## [PROBLEM DESCRIPTION]
Below are the records; repeat exactly their lines between the line holding "Presented here is" and the line holding "采用自回归(AR)模型替代自", inclusive, skipping the pictures.

## [EXTRACTED INFORMATION]
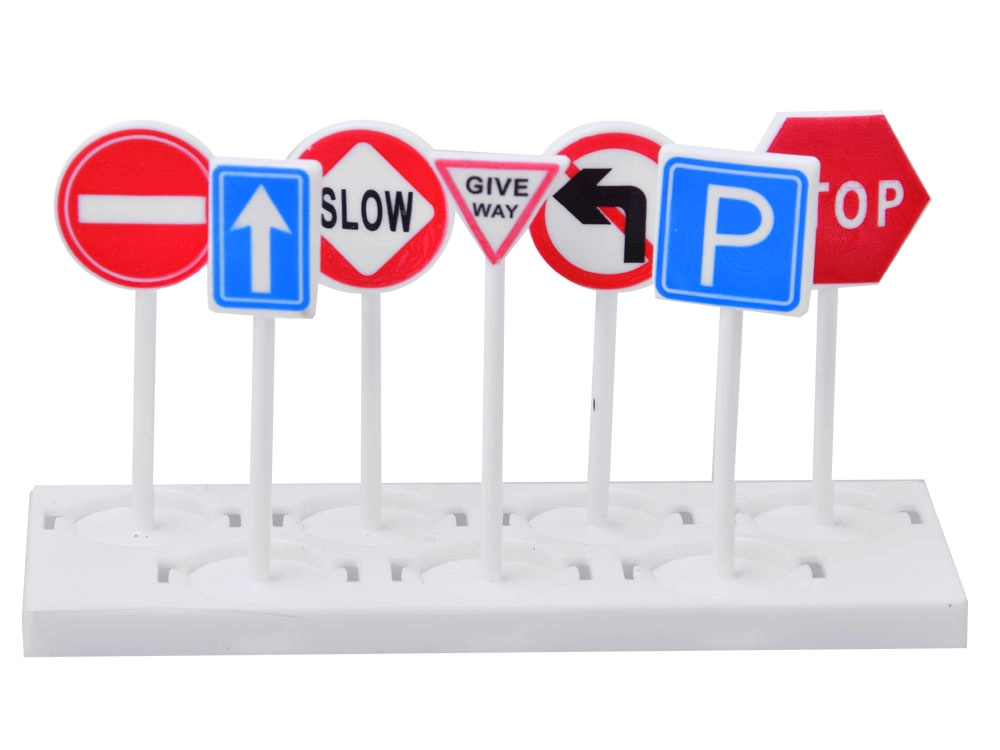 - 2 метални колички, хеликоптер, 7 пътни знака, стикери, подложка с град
---
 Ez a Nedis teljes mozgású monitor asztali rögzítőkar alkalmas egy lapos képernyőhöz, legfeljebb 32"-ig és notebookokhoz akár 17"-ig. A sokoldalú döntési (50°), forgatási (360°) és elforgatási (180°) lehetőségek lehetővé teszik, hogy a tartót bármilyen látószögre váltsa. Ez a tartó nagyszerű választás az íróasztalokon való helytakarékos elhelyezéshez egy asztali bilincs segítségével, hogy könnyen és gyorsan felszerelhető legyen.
...
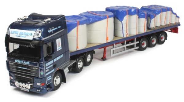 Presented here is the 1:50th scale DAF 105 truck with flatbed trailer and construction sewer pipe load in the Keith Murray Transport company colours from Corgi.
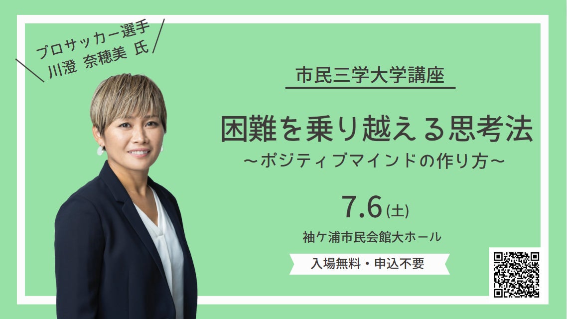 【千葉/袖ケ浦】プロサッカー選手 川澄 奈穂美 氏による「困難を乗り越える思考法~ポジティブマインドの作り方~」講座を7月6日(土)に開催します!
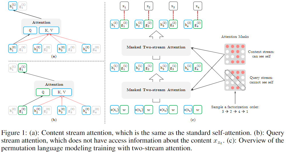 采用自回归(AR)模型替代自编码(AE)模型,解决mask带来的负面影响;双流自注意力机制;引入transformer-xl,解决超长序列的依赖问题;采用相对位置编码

## [FINISHED TASK]
 Presented here is the 1:50th scale DAF 105 truck with flatbed trailer and construction sewer pipe load in the Keith Murray Transport company colours from Corgi.
 【千葉/袖ケ浦】プロサッカー選手 川澄 奈穂美 氏による「困難を乗り越える思考法~ポジティブマインドの作り方~」講座を7月6日(土)に開催します!
 采用自回归(AR)模型替代自编码(AE)模型,解决mask带来的负面影响;双流自注意力机制;引入transformer-xl,解决超长序列的依赖问题;采用相对位置编码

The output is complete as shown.